I open my mouth to reply to her, but before I can, Raven appears beside me with a steaming cup of coffee and a donut in her hand. The combination of the smell of both of them has me turning on my heels and racing for the bathroom. Smacking open the door, I rush to the toilet and drop to my knees in just barely enough time to lose the muffin I only had a few bites of this morning.

“Riles? Are you okay?” Raven asks from the doorway.

“I think I have the stomach bug. I felt off last night before bed and then again when I woke up. After a shower, I felt better, but it just hit me out of nowhere.”

“I’ll take care of Margaret since my first appointment no-showed. Do you need to cancel your day?”

“No. I’ll be fine. There’s nothing left in my stomach. I think I’ll walk across the street to the café and get me a Sprite or something.”

“You sure?”

“Yeah. I’ll be fine. Thanks, though. Please tell Margaret I’m sorry.”

Raven waves me off. “You know she’s good with either of us. Whoever has room when she calls is who she sees. I’ll take care of Margaret. You take care of you.”

“Thank you.” She nods and leaves me to the porcelain gods. I sit on my knees in front of the toilet for a few more minutes just to make sure the queasiness has passed. Slowly, I stand and make my way to the door, where I shut and lock it. As soon as the lock clicks into place, the tears begin to fall.

I lied to my sister, something I feel like I’ve been doing a lot of lately. I couldn’t tell her what I think is wrong. No, correct that. What I’m almost certain is causing the sickness. Not without telling her about Hudson, and the idea of that alone causes an all-new wave of nausea to hit me.

How did I get here?

How did I let this happen?

We didn’t use protection. I was stone-cold sober that night, and I remember every single detail. From the smell of the alcohol on his breath to the way his touch branded my skin to the moment he slid inside me for the first time. All of it plays in my mind like a movie I’ve seen countless times. I remember thinking I was on the pill and that we would be okay. It was reckless and irresponsible, and now here I am.

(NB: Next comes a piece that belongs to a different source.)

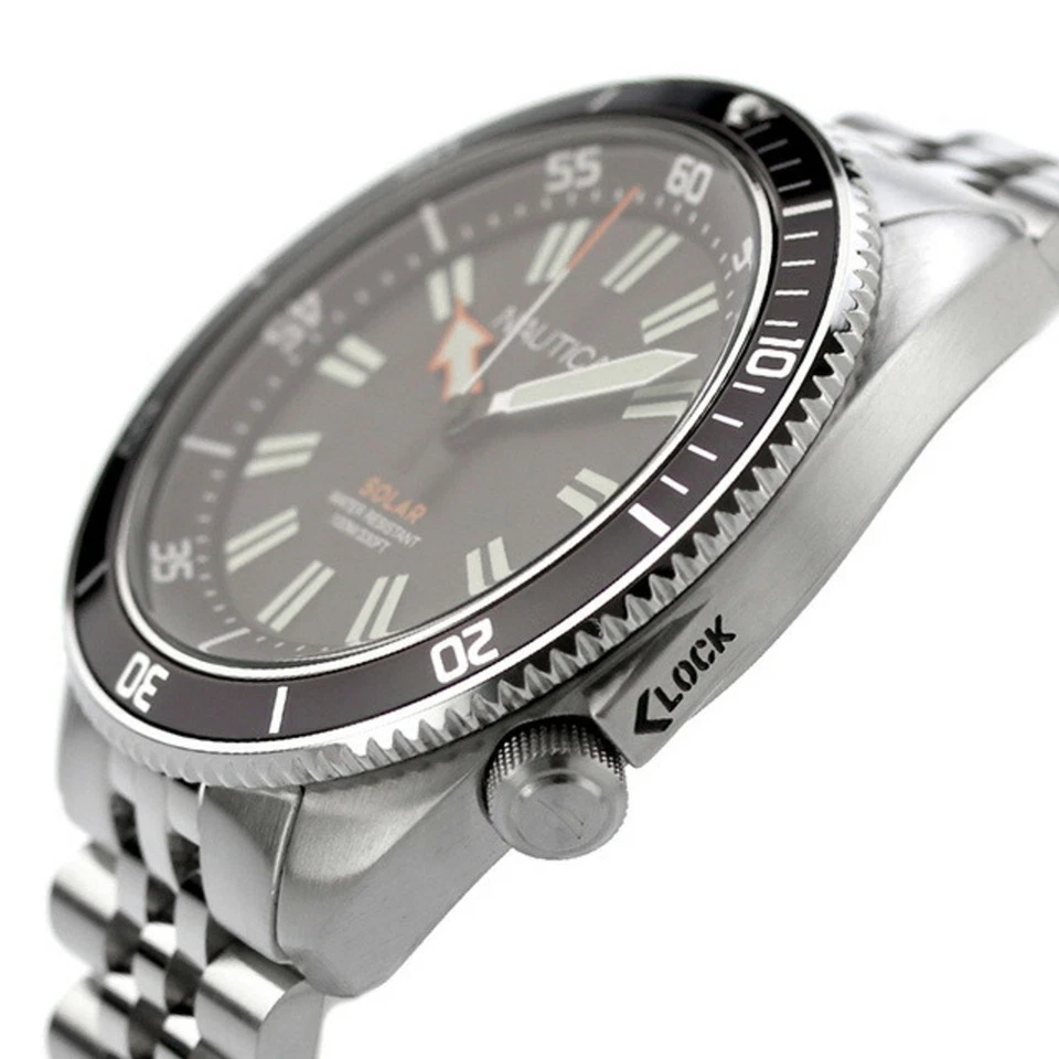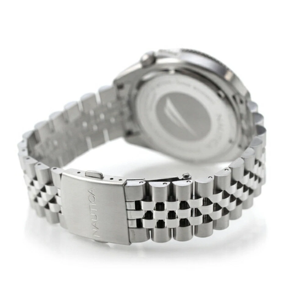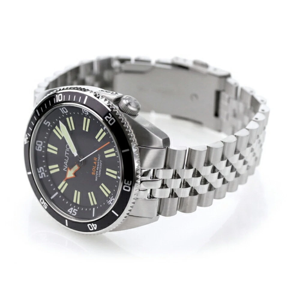 Nautica Vintage Solar Watch NAPNVS405 Black Dial Silver Band Stainless Steel

I’m also late. Two weeks to be exact. For two weeks, I’ve carried this worry around with me. I was trying to blow it off as stress from missing Hudson, but the symptoms started Saturday morning, and they blow in and out like a tornado at all hours of the day. It’s not just nausea. I noticed in the shower my breasts were tender, and even though I knew what the symptoms meant, I asked Google anyway. Just in case there was some sort of disease that I wasn’t aware of.

No disease.

Just a baby.

I drove to Jessup and bought a pregnancy test. No, that’s not right either. I bought one of every brand of pregnancy test that the pharmacy had on the shelf. They’re currently sitting in the pharmacy bag underneath my bathroom sink. I’ve yet to use them, and even though I know that I should, I also know that I don’t need to. My gut tells me that my self-diagnosis is correct.